#### [Recorded data]

--*--

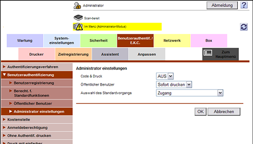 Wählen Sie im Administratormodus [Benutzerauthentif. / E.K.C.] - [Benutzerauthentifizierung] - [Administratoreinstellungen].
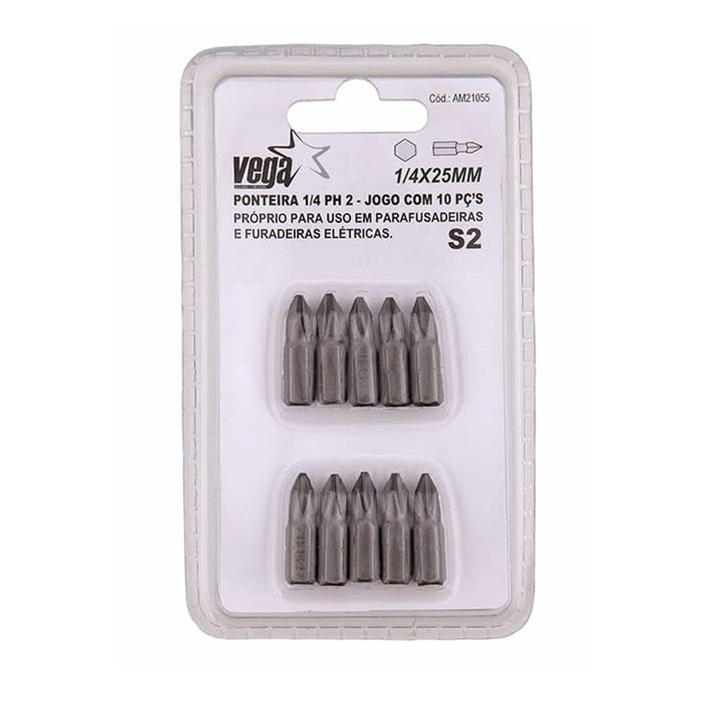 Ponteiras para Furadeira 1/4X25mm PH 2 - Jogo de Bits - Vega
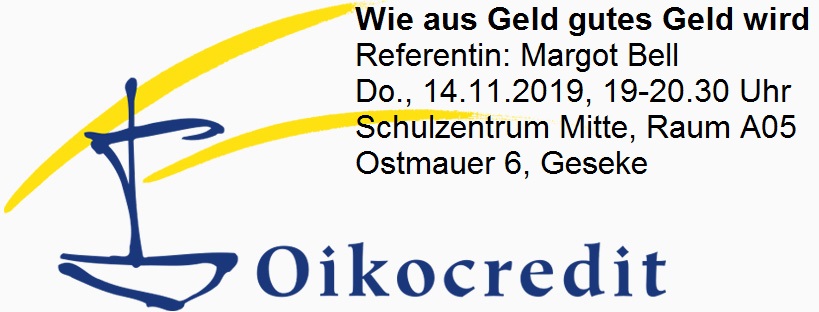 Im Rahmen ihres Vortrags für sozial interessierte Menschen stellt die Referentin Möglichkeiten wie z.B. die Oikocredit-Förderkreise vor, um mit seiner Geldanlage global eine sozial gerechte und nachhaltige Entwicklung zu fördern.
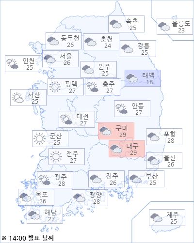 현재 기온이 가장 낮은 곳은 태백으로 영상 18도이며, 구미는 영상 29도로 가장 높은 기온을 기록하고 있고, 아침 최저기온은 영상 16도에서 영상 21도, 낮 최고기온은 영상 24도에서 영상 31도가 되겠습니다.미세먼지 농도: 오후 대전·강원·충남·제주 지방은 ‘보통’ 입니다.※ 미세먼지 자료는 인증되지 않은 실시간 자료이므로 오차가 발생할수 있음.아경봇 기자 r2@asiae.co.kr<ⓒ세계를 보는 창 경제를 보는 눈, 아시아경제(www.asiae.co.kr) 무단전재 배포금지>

--*--

#### [Goal of the exercise]
Print the data exactly as written, dropping any images it holds.

#### [Solved problem]
 Wählen Sie im Administratormodus [Benutzerauthentif. / E.K.C.] - [Benutzerauthentifizierung] - [Administratoreinstellungen].
 Ponteiras para Furadeira 1/4X25mm PH 2 - Jogo de Bits - Vega
 Im Rahmen ihres Vortrags für sozial interessierte Menschen stellt die Referentin Möglichkeiten wie z.B. die Oikocredit-Förderkreise vor, um mit seiner Geldanlage global eine sozial gerechte und nachhaltige Entwicklung zu fördern.
 현재 기온이 가장 낮은 곳은 태백으로 영상 18도이며, 구미는 영상 29도로 가장 높은 기온을 기록하고 있고, 아침 최저기온은 영상 16도에서 영상 21도, 낮 최고기온은 영상 24도에서 영상 31도가 되겠습니다.미세먼지 농도: 오후 대전·강원·충남·제주 지방은 ‘보통’ 입니다.※ 미세먼지 자료는 인증되지 않은 실시간 자료이므로 오차가 발생할수 있음.아경봇 기자 r2@asiae.co.kr<ⓒ세계를 보는 창 경제를 보는 눈, 아시아경제(www.asiae.co.kr) 무단전재 배포금지>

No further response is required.